Vitamin D deficiency is common in women with early breast cancer; therefore, evaluate 25-hydroxy vitamin D concentrations prior to initiating exemestane therapy. Begin vitamin D supplementation in patients with vitamin D deficiency.
Pregnancy should be avoided by females of reproductive potential during treatment and for at least 1 month after the last dose. Although there are no adequately controlled studies in pregnant animals or humans, exemestane can cause fetal harm and is expected to result in adverse reproductive effects because of its mechanism of action. In animal studies following oral administration of exemestane 1 mg/kg, radioactivity related to 14-C-exemestane and its metabolites crossed the placenta of rats, with concentrations in maternal and fetal blood approximately equivalent. When rats were given exemestane from 14 days prior to mating until either days 15 or 20 of gestation, and resuming for the 21 days of lactation, an increase in placental weight was seen at approximately 1.5 times the recommended human dose on a mg/m2 basis. Increased resorptions, reduced number of live fetuses, decreased fetal weight, retarded ossification, prolonged gestation, and abnormal or difficult labor was observed at approximately 7.5 times the recommended human dose on a mg/m2 basis. In rabbits, daily doses of exemestane during organogenesis caused a decrease in placental weight at 70 times the recommended human dose on a mg/m2 basis, and in the presence of maternal toxicity, abortions, increased resorptions, and reduced fetal weight occurred at 210 times the recommended human dose on a mg/m2 basis. Fetal malformations were not seen in rats or rabbits at approximately 320 and 210 times the recommended human dose on a mg/m2 basis, respectively.

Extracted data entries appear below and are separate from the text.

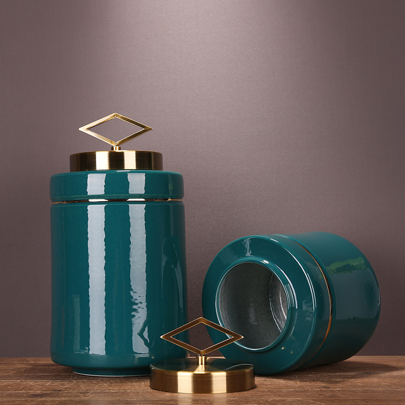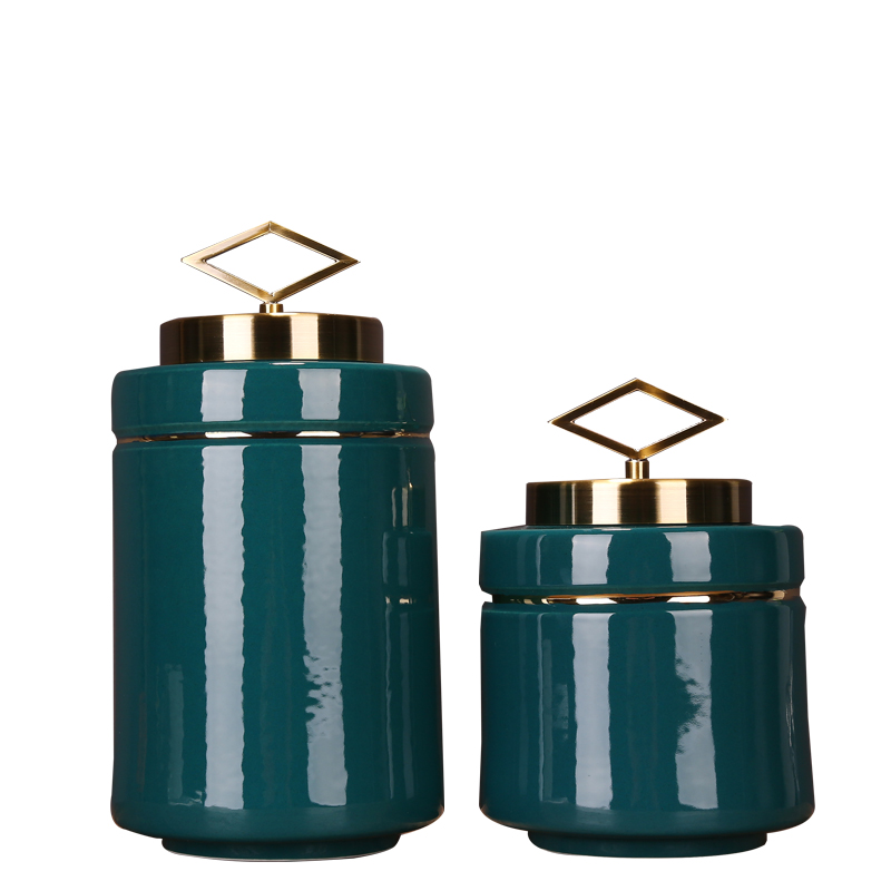New Chinese Xuan Guan Cabinet Swing Piece Ceramic Jar Storage Jar Book Room Living-room-Style Board Room Display Case Softfit Ornament
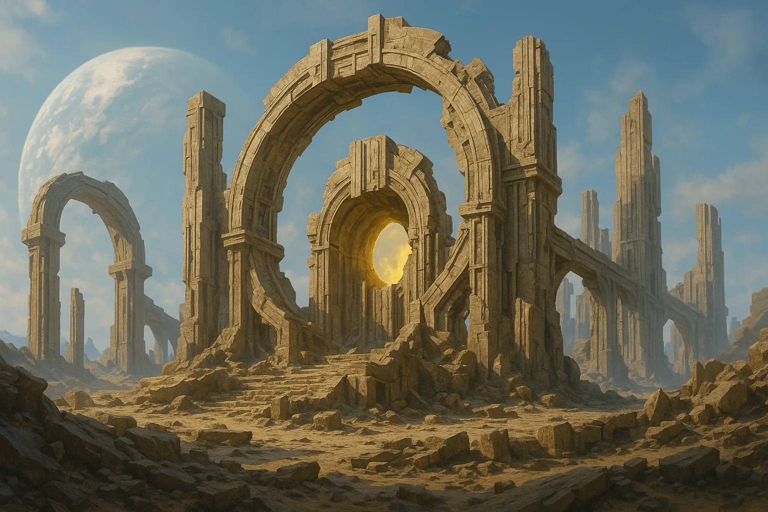 Руїни першої мегаструктуриПролог: коли сама орбіта — це пам’ятникУ «Хроніках Забутих Галактик» є історії про імперії, що палали, як наднові, про міста, збудовані на кометах, про цивілізації, які навчились жити всередині чорних дір. Але є історії, що стоять над усіма ними — історії про ті моменти, коли розум вперше наважився вийти за межі «планета–орбіта–станція» й спробував збудувати щось, що змагалося б із самою архітектурою космосу. Саме до таких історій належить легенда про першу мегаструктуру. Не просто великий об’єкт, не просто кільце, пояс чи сферу. А спробу взяти зорю, гравітацію, світло й темряву і зробити з них єдиний механізм. Сьогодні від неї залишилося те, що археологи космосу називають «скелетом орбіти». Руїни, розкидані на відстані кількох астрономічних одиниць, чорні уламки, мов застиглі блискавки, та тихе випромінювання, яке не підкорюється жодним відомим циклам. Ми не знаємо, хто її збудував. Відкриття в темному поясіПершими її знайшли не знавці давнини, а звичайні мандрівні картографи, що оновлювали карти далекого сегмента рукава. Їхній корабель «Геліоскоп-7» рухався крізь регіон, який у звітах позначався як «темний пояс»: зона, де щільний пил, тьмяні карлики й відсутність потужних маяків робили навігацію справою терпіння, а не точності. Спершу вони подумали, що зіткнулися з черговою покинутою орбітальною мережею. Сенсори зафіксували рівномірний пояс об’єктів на майже ідеальній круговій орбіті навколо тьмяної зорі другого покоління. Але вже перший детальний аналіз розбив цю гіпотезу. Уламки були занадто великими. «Геліоскоп-7» передав дані до Центрального Архіву Археології Космосу, і той загудів, як розбуджений вулик. З усіх куточків галактики почали підтягуватися експедиції: автономні зонди, важкі дослідницькі кораблі, приватні команди мисливців за давниною. Так руїни безіменного кільця отримали свою першу назву: ПЕРША МЕГАСТРУКТУРА, з великої літери, без уточнень, ніби все інше — лише варіації на тему. Скелет над зіркою: анатомія неможливої спорудиКоли були нанесені перші тривимірні карти, картина вразила навіть тих, хто бачив зіркові фортеці й штучні кільцеві світи. Навколо тьмяної зорі, схожої на виснажене сонце, простягався широкий пояс уламків на майже ідеальній орбіті. Аналіз траєкторій показав: колись це була не просто розсипка об’єктів, а цілісна конструкція, що огортала зорю майже повним кільцем. Діаметр — більший, ніж орбіта давньої Землі. Уявити собі завершений вигляд цієї споруди — значить спробувати побачити в голові горизонт, який згинається у кільце й ніколи не закінчується. Це був не Світо-кільце, придатне для життя, і не повна зоряна оболонка. Це було щось проміжне: гігантський колектор, обчислювальна решітка, платформа для ще чогось, чого ми досі не розуміємо. Матеріал уламків виявився ще більш дивним, ніж їхня форма. Сплави, яких у нашому періоді Всесвіту не створюють: Археологи жартували, що це — не руїни будівлі, а рештки тіла. І що колись над цією зорею жила споруда, яка більше нагадувала організм, ніж споруду. Мова металу і вакуумуКласична археологія має справу з написами на камені, керамічними фрагментами, візерунками на стінах. Археологія космосу працює з іншими шарами: радіошумами, спектральними слідами, статистичними узорами у розподілі уламків. Руїни першої мегаструктури
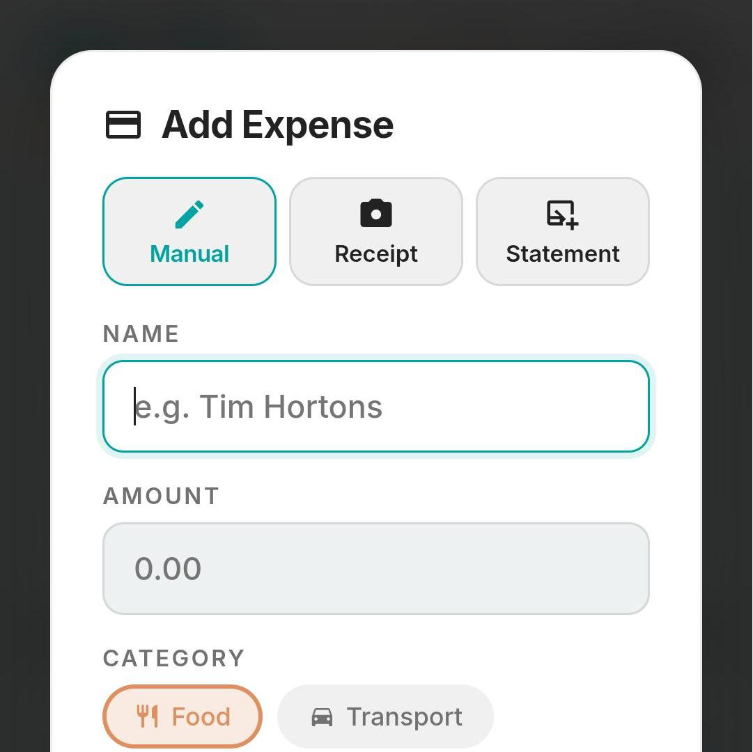 Photograph your bank statement or a receipt and Yaba reads the transactions automatically. No manual entry.
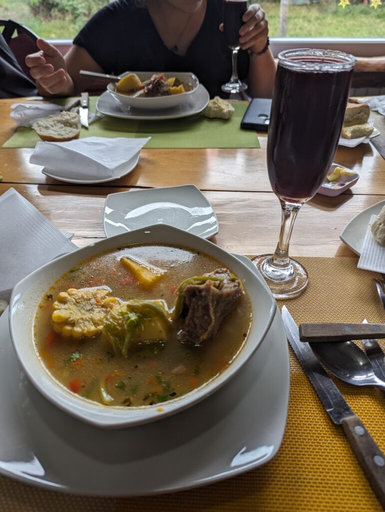 On arrive au restaurant, on mange un petit repas typique (retour du Cazuela de vacuno) et je goute du pisco avec des calafate. Puis petit tour dans Puerto Rio Tranquilo avec son squelette de baleine, avant de reprendre la route jusque chez nous (avec la même pause de 20 min, à 3 min de notre cabana !)

Counsel patients about the reproductive risk and contraception requirements during exemestane treatment. Exemestane can cause fetal harm if taken by the mother during pregnancy. Females should avoid pregnancy and use effective contraception during and for at least 1 month after treatment with exemestane. Females of reproductive potential should undergo pregnancy testing within 7 days prior to initiation of exemestane. Women who become pregnant while receiving exemestane should be apprised of the potential hazard to the fetus. In addition, based on animal data, exemestane treatment may result in impaired fertility or infertility in both males and females.
Due to the potential for serious adverse reactions in nursing infants from exemestane, advise women to discontinue breast-feeding during treatment and for 1 month after the final dose. Exemestane is not indicated for premenopausal women and thus should not be given to women who are breast-feeding their infants. It is not known if exemestane is excreted into human breast milk; however, it has been detected in the breast milk of animals.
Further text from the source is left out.